3. If the current node has one or multiple ancestor nodes, the concurrency control data of each ancestor node is set; specifically, the count of operations on son nodes recorded in the concurrency control data of each ancestor node adds one.

Step 606: the result of the process for acquiring the lock is set as success.

Step 607: the global lock acquired in Step 601 is released.

Step 608: the result of the process for acquiring the lock is returned as success or failure, and process is ended.

FIG. 7 illustrates a flow chart of a process for releasing a lock in an embodiment of the present invention. As shown in FIG. 7, the process includes following steps.

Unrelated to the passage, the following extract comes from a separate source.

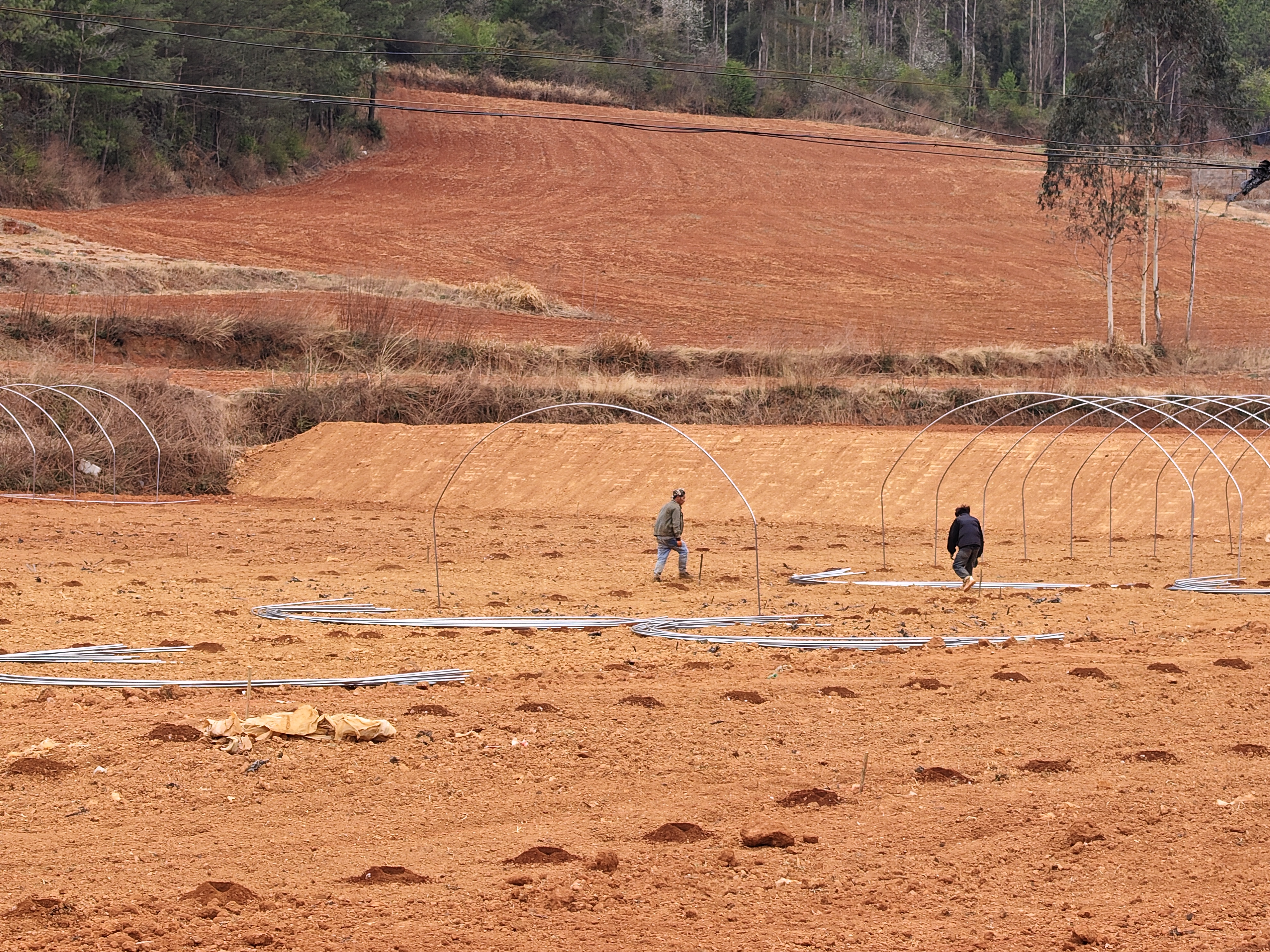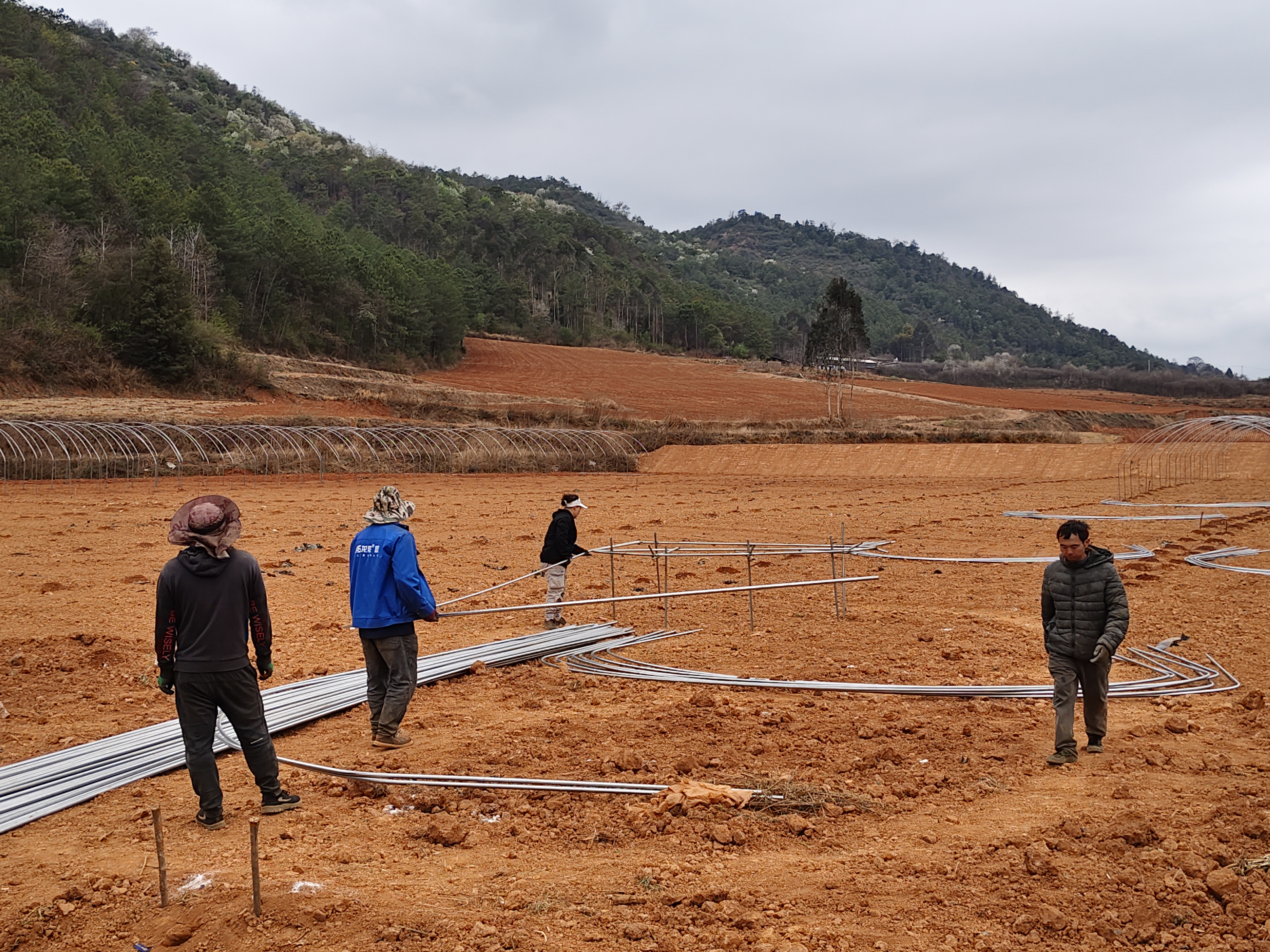 近日,玉溪市易门县睿恒农业高原特色蔬菜种植基地建设稳步推进。基地建设现场一派热火朝天、机械轰鸣的繁忙景象。工人们分工协作、紧张作业,抢抓春日晴好天气加快推进大棚钢架搭建,一座座现代化蔬菜大棚已初具雏形。

Step 700: a process for releasing a lock is invoked according to an operation instruction. IDs of the current node, its father node and ancestor nodes, and the value of the operation on the current node are assigned to the input of the process for releasing the lock, so that an instance of the process for acquiring the lock is established. A global lock is acquired firstly.

Step 701:

1. The concurrency control data of the current node is set as follows:

a) If the operating status is a writing operation or a deleting operation, the operating status is cleared.

b) If the operating status is a reading operation, the count of reading operations minus one. The operating status is cleared when the count of reading operations becomes zero.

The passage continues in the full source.